1. Binary Search [O(NLogN), O(1)]

[1]:

class Solution1(object):
    """
    Time: O(NLogN)
    Space: O(N)
    """
    def lengthOfLIS(self, nums):
        """
        :type nums: List[int]
        :rtype: int
        """
        LIS = []

        def insert(target):
            left, right = 0, len(LIS) - 1

            # Find the first index "left" which satisfies LIS[left] >= target
            while left <= right:
                mid = left + (right - left) // 2
                if LIS[mid] >= target:
                    right = mid - 1
                else:
                    left = mid + 1

            # If not found, append the target.
            if left == len(LIS):
                LIS.append(target)
            else:
                LIS[left] = target

        for num in nums:
            insert(num)

        return len(LIS)

[2]:

s = Solution1()

nums =  [10,9,2,5,3,7,101,18]
assert s.lengthOfLIS(nums) == 4

nums = [5,4,1,2,3]
assert s.lengthOfLIS(nums) == 3

nums = [4,2,4,5,3,7]
assert s.lengthOfLIS(nums) == 4

2. Traditional DP solution [O(N^2), O(N)]

[3]:

class Solution2(object):
    """
    Time:  O(N^2)
    Space: O(N)
    """
    def lengthOfLIS(self, nums):
        """
        :type nums: List[int]
        :rtype: int
        """
        dp = []  # dp[i]: the length of LIS ends with nums[i]

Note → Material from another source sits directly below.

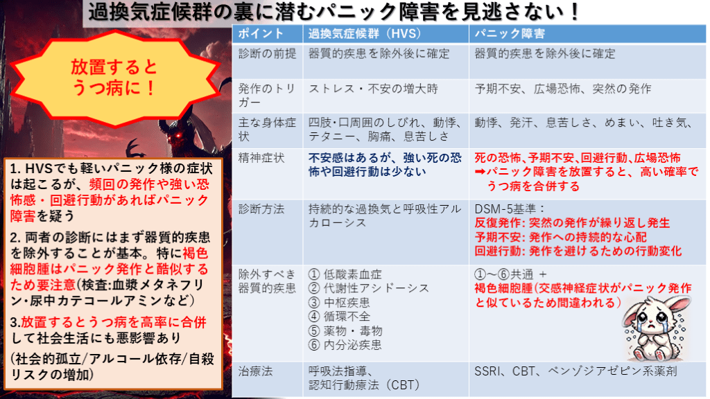 2. 両者の診断にはまず器質的疾患を除外することが基本。特に褐色細胞腫はパニック発作と酷似するため要注意(検査:血漿メタネフリン・尿中カテコールアミンなど)

        for i in range(len(nums)):
            dp.append(1)
            for j in range(i):
                if nums[j] < nums[i]:
                    dp[i] = max(dp[i], dp[j] + 1)

        return max(dp) if dp else 0

[4]:

s = Solution2()

nums =  [10,9,2,5,3,7,101,18]
assert s.lengthOfLIS(nums) == 4

nums = [5,4,1,2,3]
assert s.lengthOfLIS(nums) == 3

nums = [4,2,4,5,3,7]
assert s.lengthOfLIS(nums) == 4